Force Accept Terms and Conditions

N/A

N/A

If the configuration variable $EP_Profile_Login_Default_ForceTermsAccept is set to “True”, the user will be forced to accept the Terms and Conditions upon first login. If the user’s record does not have the flag indicating they have previously accepted ([EPUser].[TermsAccepted] = “True”) then the user is forwarded to a page to display the T&Cs with an “Accept” button that updates the user’s flag to “True”.

Once the user accepts the T&Cs, the authentication process is restarted and will now be able to move past this check.

Force Security Questions

N/A

N/A

If the configuration variable $EP_Profile_Login_Default_ForceSecurityQuestions is set to “True”, the user will have to set up the security questions if they are not already (set on first login or when this feature is turned on). If the user does need to set any security questions, they will be forwarded to a page to do so. Upon saving their changes, the authentication process is restarted and they will now be able to move past this check.

If the site has ForceSecurityQuestions turned on, the number of security questions to use can be specified in the configuration variable $EP_Profile_Login_Default_SecurityQuestions.

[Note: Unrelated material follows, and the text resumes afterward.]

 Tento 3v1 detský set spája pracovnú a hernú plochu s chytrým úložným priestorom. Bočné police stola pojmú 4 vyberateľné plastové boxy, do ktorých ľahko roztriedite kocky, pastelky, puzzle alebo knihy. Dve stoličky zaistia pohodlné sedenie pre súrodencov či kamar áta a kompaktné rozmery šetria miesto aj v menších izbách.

This accepts one of the following numbers: “1”, “2”, “3”, “4”, “5”. This means up to five security questions can be required for all users to be used to retrieve a lost password.

Force Password Change

N/A

N/A

If it is decided the user needs to change their password, the user will be forwarded to a page to change their password. Upon saving their changes, the authentication process is restarted and they will now be able to move past this check.

This can happen if the user has been flagged for a password change ([EPUser].[ForcePasswordChange] = “True”) by the system from other features or by the admin manually. This can also happen if the configuration variable $EP_Profile_Login_Default_ForcePasswordChange is set to “True” and the password is expired. A password is considered expired if the number of days between now and the last changed date is greater than the number of days specified in the configuration variable $EP_Profile_Login_Default_ExpireInDays.

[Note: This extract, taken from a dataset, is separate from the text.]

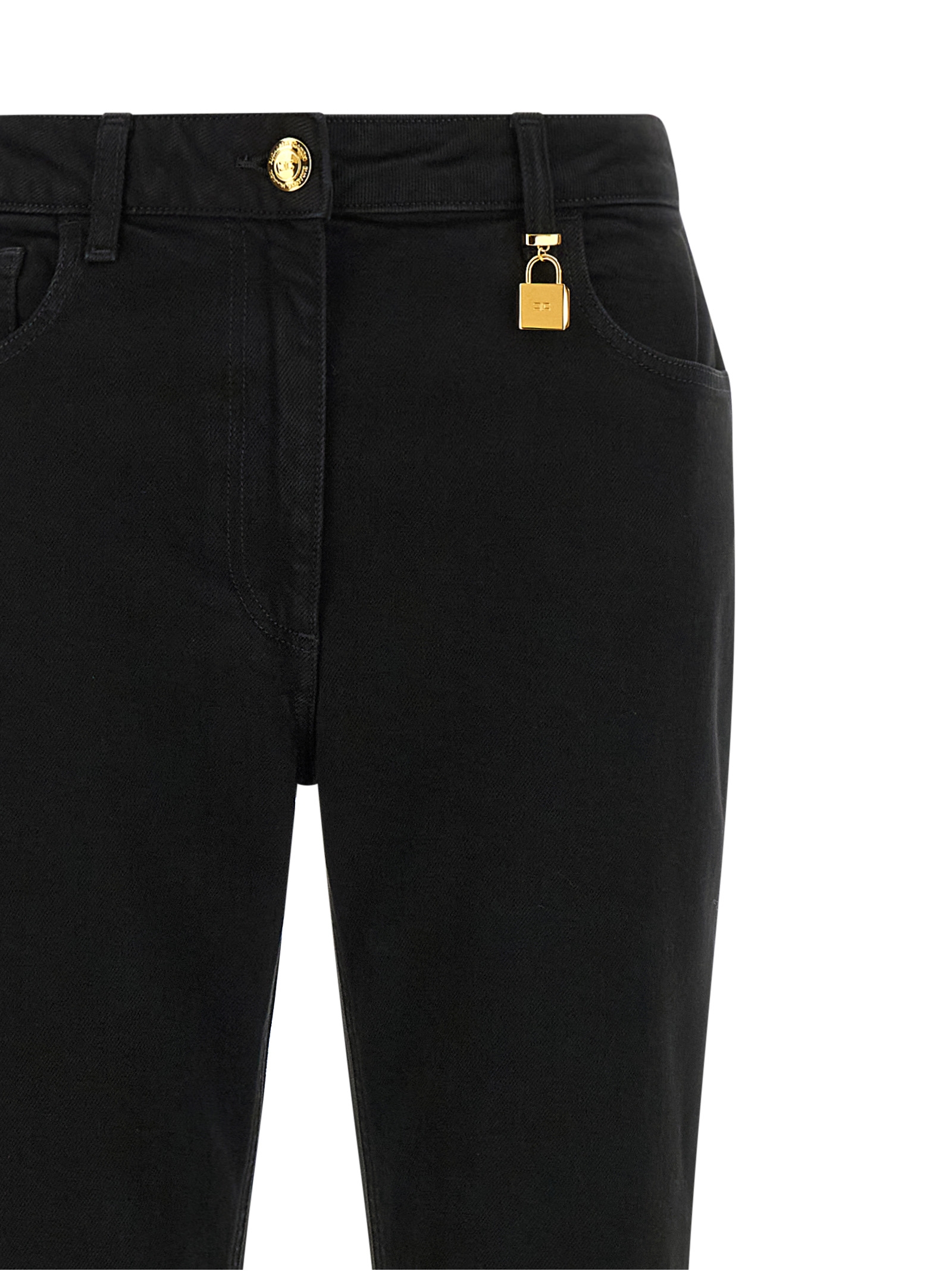 Garment-dyed cotton denim jeans, front metal jewel padlock detail, mid waist, zip and button closure, five pockets.

Shipping Address Validation

008

No Shipping Address Found.

On login, the user’s account has all of its Billing and Shipping addresses refreshed with data from JDE. It is refreshed using the same SQL queries used to originally download the data when the account was created. If the SQL queries were modified or the account record was modified in JDE and the address is no longer returned by the query, the address is marked as “Inactive” ([AddressBook].[AccountStatus] = “Inactive”).

First the user’s Default Shipping address is found. If this is not active or it exists under an inactive billing address, a query to find all Active Shipping Addresses with Active Billing Addresses is found. The first result is chosen from this query’s results and it is assigned as the user’s new Default Shipping Address. If none is found, the user cannot login.

Billing Address Validation

009

No Billing Address found.

On login, the user’s account has all of its Billing and Shipping addresses refreshed with data from JDE. It is refreshed using the same SQL queries used to originally download the data when the account was created. If the SQL queries were modified or the account record was modified in JDE and the address is no longer returned by the query, the address is marked as “Inactive” ([AddressBook].[AccountStatus] = “Inactive”).

First the user’s Default Shipping address is found. If this is not active or it exists under an inactive billing address, a query to find all Active Shipping Addresses with Active Billing Addresses is found. The first result is chosen from this query’s results and it is assigned as the user’s new Default Shipping Address. If none is found, the user cannot login.